Calcium is essential for strong bones and teeth, and cottage cheese is a great source of this important mineral. A 1/2 cup serving of large curd cottage cheese contains 125 milligrams of calcium, which is about 10% of the daily recommended intake for adults. In addition to its calcium content, cottage cheese is also a good source of phosphorus, which works together with calcium to strengthen bones and teeth. It also contains vitamin D, which helps the body absorb calcium more efficiently. If you are looking to boost your calcium intake, cottage cheese is a great choice. Try mixing it with fresh fruit or adding it to a smoothie for a healthy and satisfying snack.

Ideal for Weight Loss

Cottage cheese is a great option for those looking to lose weight. It is low in calories, with only 120 calories per 1/2 cup serving, and high in protein, which helps to keep you feeling full and satisfied. It is also low in fat, with only 2.5 grams per serving, making it a healthier alternative to other dairy products such as sour cream or cream cheese. Cottage cheese is a versatile ingredient that can be used in a variety of recipes, from savory dips to sweet desserts. If you are looking to lose weight or maintain a healthy weight, cottage cheese is a great addition to any meal plan. Just be sure to check the label for added sugars or sodium.

Versatile Ingredient for Recipes

Cottage cheese is a versatile ingredient that can be used in a variety of recipes. It can be used as a base for savory dips or as a healthy substitute for sour cream or cream cheese in recipes. It can also be used in sweet recipes such as cheesecake, smoothies, or even as a topping for pancakes or waffles. Cottage cheese adds a creamy texture and tangy flavor to any recipe. If you are looking for a versatile ingredient to add to your recipe collection, cottage cheese is a great choice. Experiment with different recipes and see how you can incorporate it into your favorite dishes.
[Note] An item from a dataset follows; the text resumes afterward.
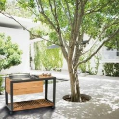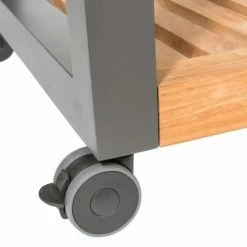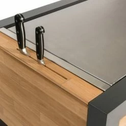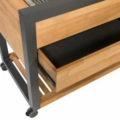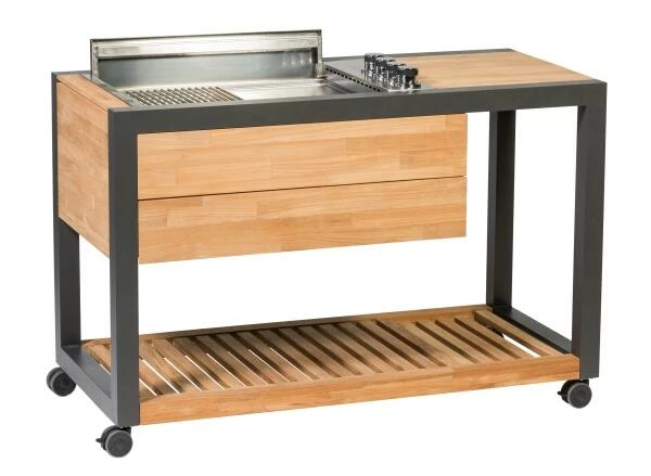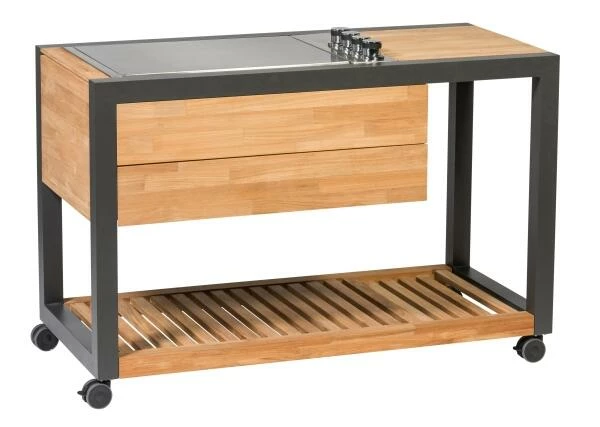 Darüber hinaus punktet der GazzBoy mit seinem edlen Design aus massivem Teakholz und pulverbeschichtetem Aluminiumrahmen. Er bietet alles, was von einer Outdoor-Küche erwartet wird: Eine große Arbeitsplatte, eine praktische Materialschublade mit Soft-Close-Führungen und einen eingebauten Messerhalter für die wichtigsten Kochmesser.

Great for Muscle Development

Cottage cheese is an excellent source of protein, which is essential for building and repairing muscle tissue. A 1/2 cup serving of large curd cottage cheese contains 14 grams of protein, making it a great option for post-workout recovery meals or as a high-protein snack. In addition to its protein content, cottage cheese also contains amino acids, which are important for muscle development and recovery. It is also low in calories and fat, making it a great option for those on a calorie-controlled diet. If you are looking to build muscle or recover from a workout, cottage cheese is a great choice. Try adding it to smoothies or eating it as a snack on its own.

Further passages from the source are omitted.